▶ [Records supplied]
····················
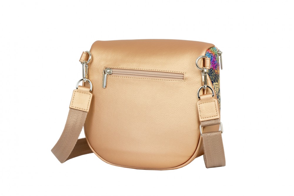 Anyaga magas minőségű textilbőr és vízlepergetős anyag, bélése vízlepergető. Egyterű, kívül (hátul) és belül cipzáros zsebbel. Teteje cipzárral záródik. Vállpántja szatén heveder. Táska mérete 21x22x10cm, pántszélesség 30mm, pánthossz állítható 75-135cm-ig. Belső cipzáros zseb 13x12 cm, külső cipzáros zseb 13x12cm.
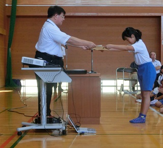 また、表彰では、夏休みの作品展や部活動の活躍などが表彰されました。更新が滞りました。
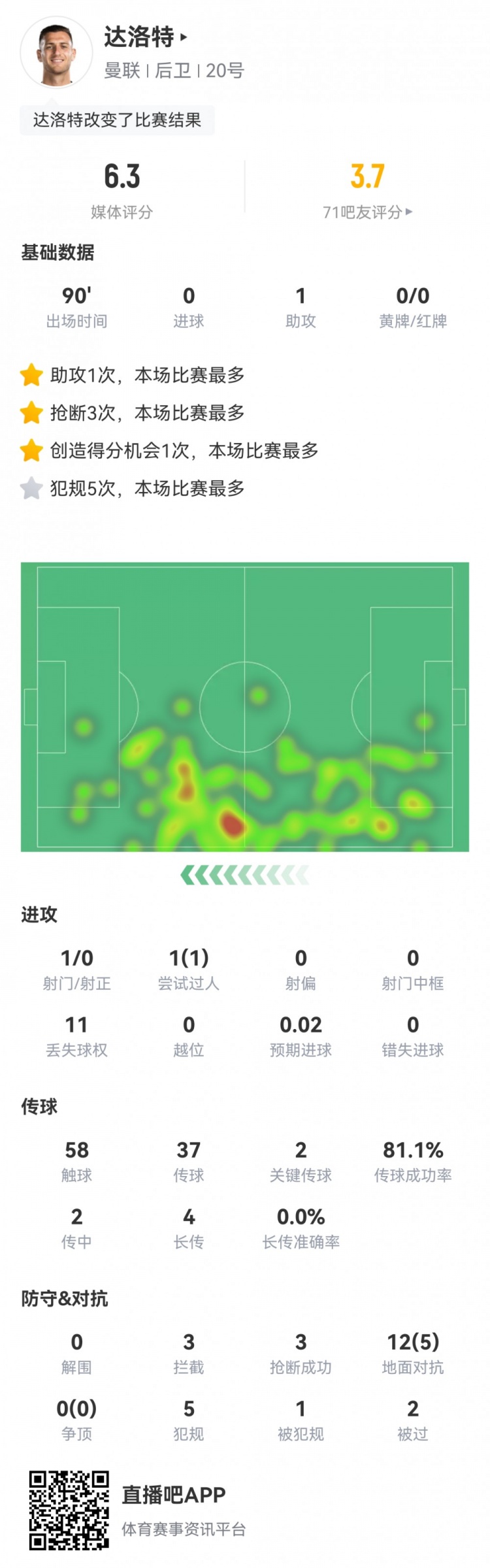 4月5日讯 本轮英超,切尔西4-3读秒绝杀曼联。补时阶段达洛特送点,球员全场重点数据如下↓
····················
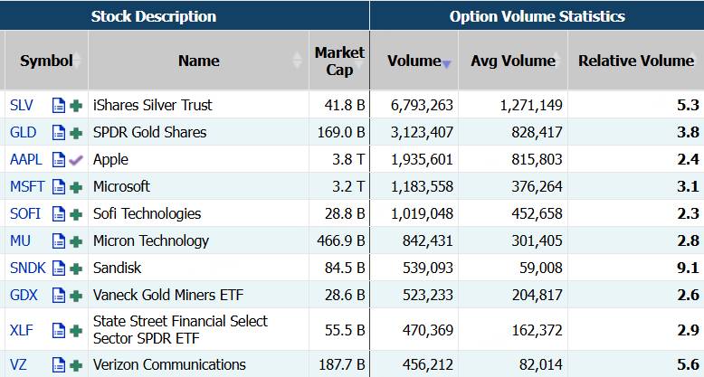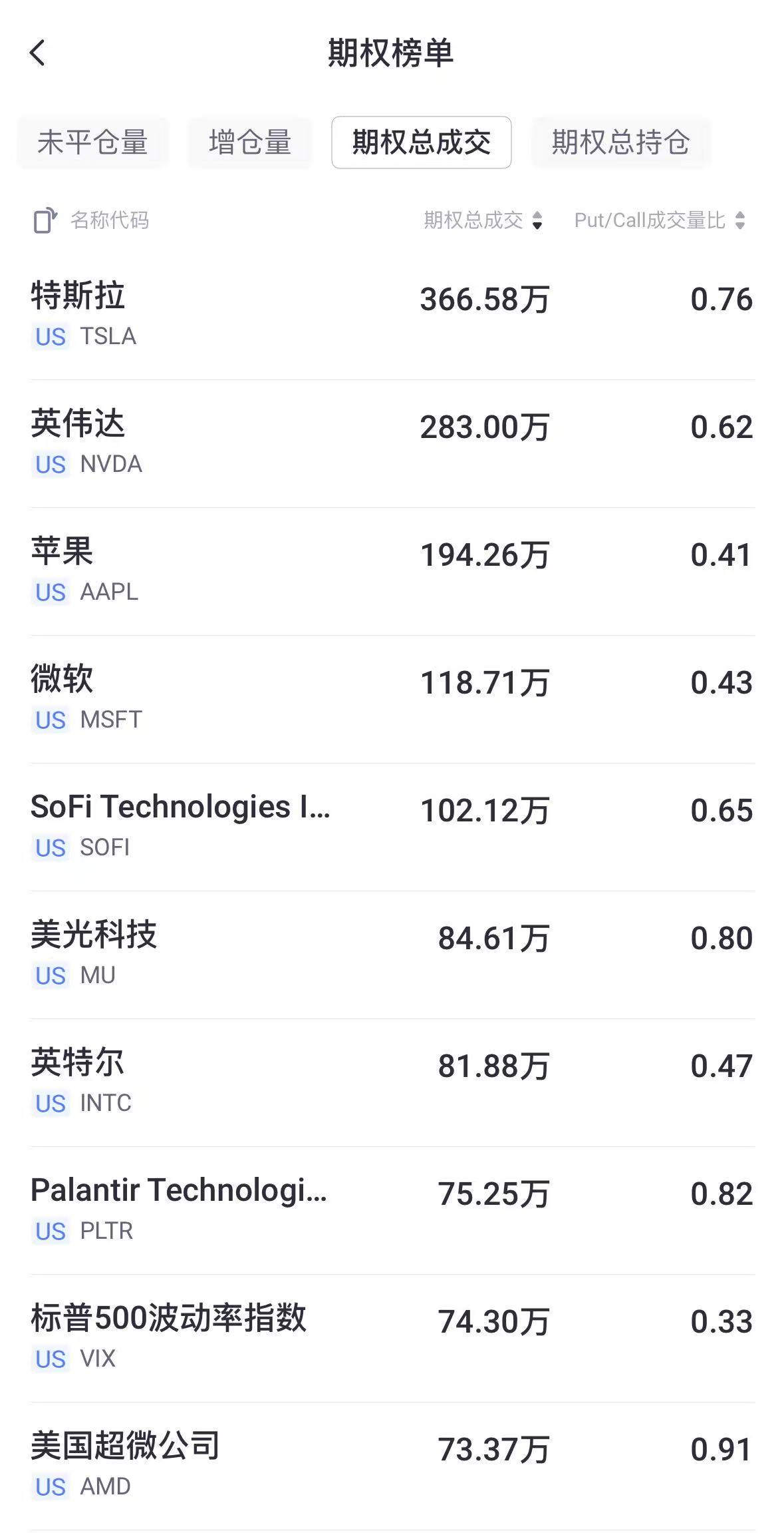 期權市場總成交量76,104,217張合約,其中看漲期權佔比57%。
····················
▶ [What is needed] Extract, without any images, the part of the material above that opens with the line containing "Anyaga magas minőségű" and closes with the line containing "4月5日讯 本轮英超,切尔西", both lines included.

▶ [Result of this task]
 Anyaga magas minőségű textilbőr és vízlepergetős anyag, bélése vízlepergető. Egyterű, kívül (hátul) és belül cipzáros zsebbel. Teteje cipzárral záródik. Vállpántja szatén heveder. Táska mérete 21x22x10cm, pántszélesség 30mm, pánthossz állítható 75-135cm-ig. Belső cipzáros zseb 13x12 cm, külső cipzáros zseb 13x12cm.
 また、表彰では、夏休みの作品展や部活動の活躍などが表彰されました。更新が滞りました。
 4月5日讯 本轮英超,切尔西4-3读秒绝杀曼联。补时阶段达洛特送点,球员全场重点数据如下↓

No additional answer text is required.